■ **Exercise goal**: Exactly retype the lines from the top of the data through the line containing "Waterproof Womens Boots, Slip", leaving out every picture.

■ **Information provided**:
┄┄┄┄┄┄┄┄┄┄┄┄┄┄┄┄┄┄┄┄
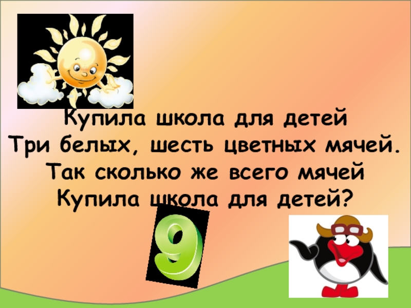 Слайд 10Купила школа для детей Три белых, шесть цветных мячей. Так сколько же всего
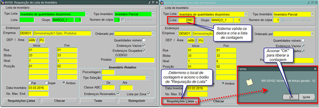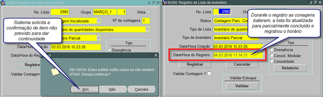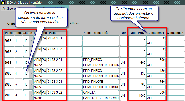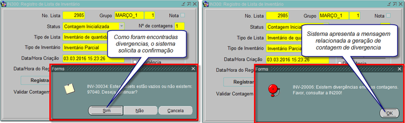 A partir do registro e das validações na tela IN300, o sistema verifica na lista todas as linhas previstas e seus saldos contados. Em caso de divergência é gerado uma lista de recontagem.
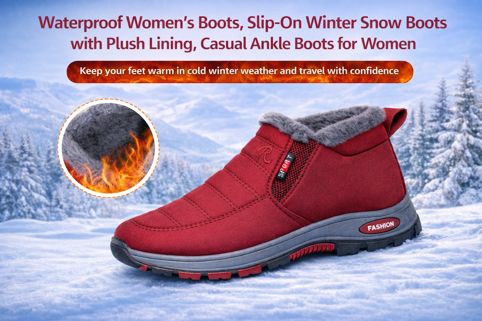 Waterproof Womens Boots, Slip On Winter Snow Shoes with Plush Lining, Casual Ankle Botas for Women
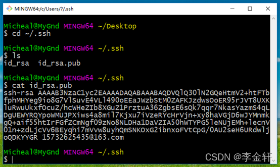 我们从服务器克隆代码的时候,需要一个身份验证。如果将你的公钥放入到服务器,你就而已从上面克隆和推送代码了。 如何生成公钥?在Git Bash中输入命令ssh-keygen -t rsa -C "your email address",一路回车即可。如下图所示就算成功。公钥放在什么地方?它放用户主目录下的.ssh文件中(备注:路径默认唯一,用户可以自己设置密码,设置密码之后使用自己的私钥对应服务器上的公钥,也可以下载代码。),里面有id_rsa和id_rsa.pub两个文件,这两个就是SSH Key的秘钥对,id_rsa是私钥,id_rsa.pub是公钥。你需要注册然后添加到服务上,你才可以克隆代码。
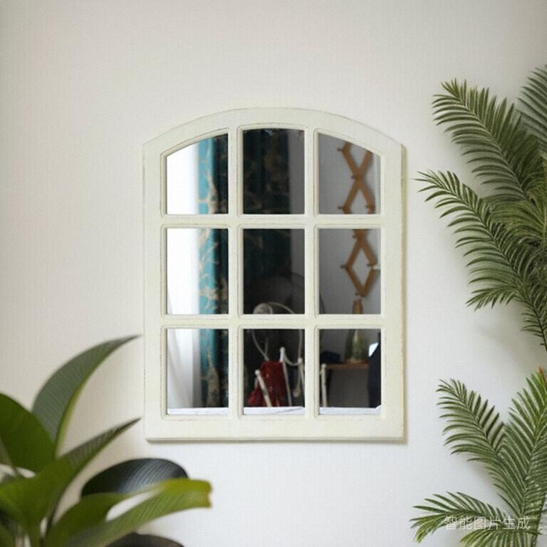 法式复古做旧实木假窗镜壁挂装饰镜子客厅餐厅玄关卧室背景墙挂件
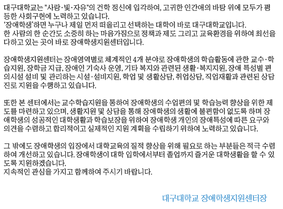 ‘장애학생‘하면 누구나 제일 먼저 떠올리고 선택하는 대학이 바로 대구대학교 입니다.
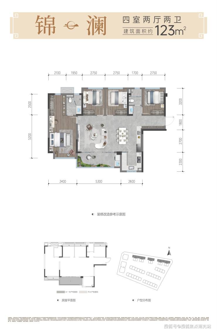 ✅锦澜丨建面约123㎡隐逸雅居丨四室两厅两卫
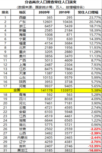 在本篇的最后,我要说的是一个更为宏大的问题—附表是2020年和2010年两次人口普查各省的人口演变情况,毫无疑问,东北三省排在了倒数三名,东北的萧条走在了全国的前面,它的人口流失问题也走在了全国的前面,东北流失的人口,没有任何疑问去了广东省、浙江省和海南省,它们的人口增幅分别排在了表格的第2、第3和第5。
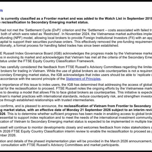 • FTSE sẽ xem xét lại (interim review) nhằm đánh giá tiến độ cho phép global brokers tiếp cận thị trườn...Thêm
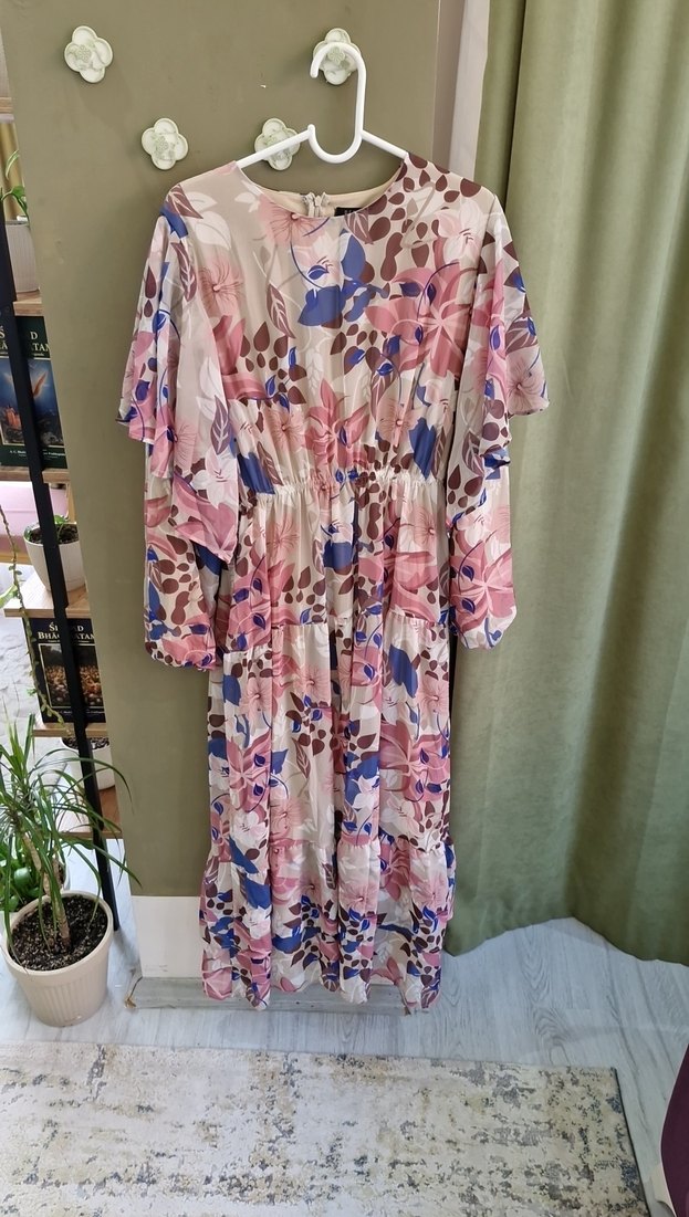 Pembe renkli bu uzun elbise, bol kesim ve drapeli tasarıma sahiptir. V yaka ve askılı kolludur, pastel çiçek desenlidir. Hafif sentetik kumaştan yapılmıştır. 40-42 beden için uygun belli lastikli yeni hiç giyilmedi sadece etiketi yok
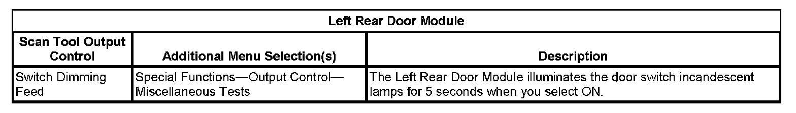 Scan Tool Output Controls - Left Rear Door Module (LRDM)
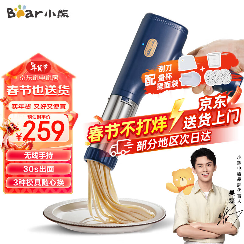 小熊(Bear )面条机家用压面机手持压面枪小型电动自动不锈钢压面条机 YMJ-A01V1价格:259.00元!
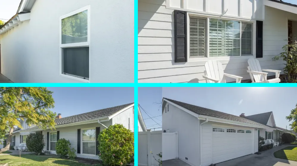 Recent exterior renovation project in Orange County showing a freshly painted white home from multiple exterior angles
┄┄┄┄┄┄┄┄┄┄┄┄┄┄┄┄┄┄┄┄
■ **Answer to the exercise**:
 Слайд 10Купила школа для детей Три белых, шесть цветных мячей. Так сколько же всего
 A partir do registro e das validações na tela IN300, o sistema verifica na lista todas as linhas previstas e seus saldos contados. Em caso de divergência é gerado uma lista de recontagem.
 Waterproof Womens Boots, Slip On Winter Snow Shoes with Plush Lining, Casual Ankle Botas for Women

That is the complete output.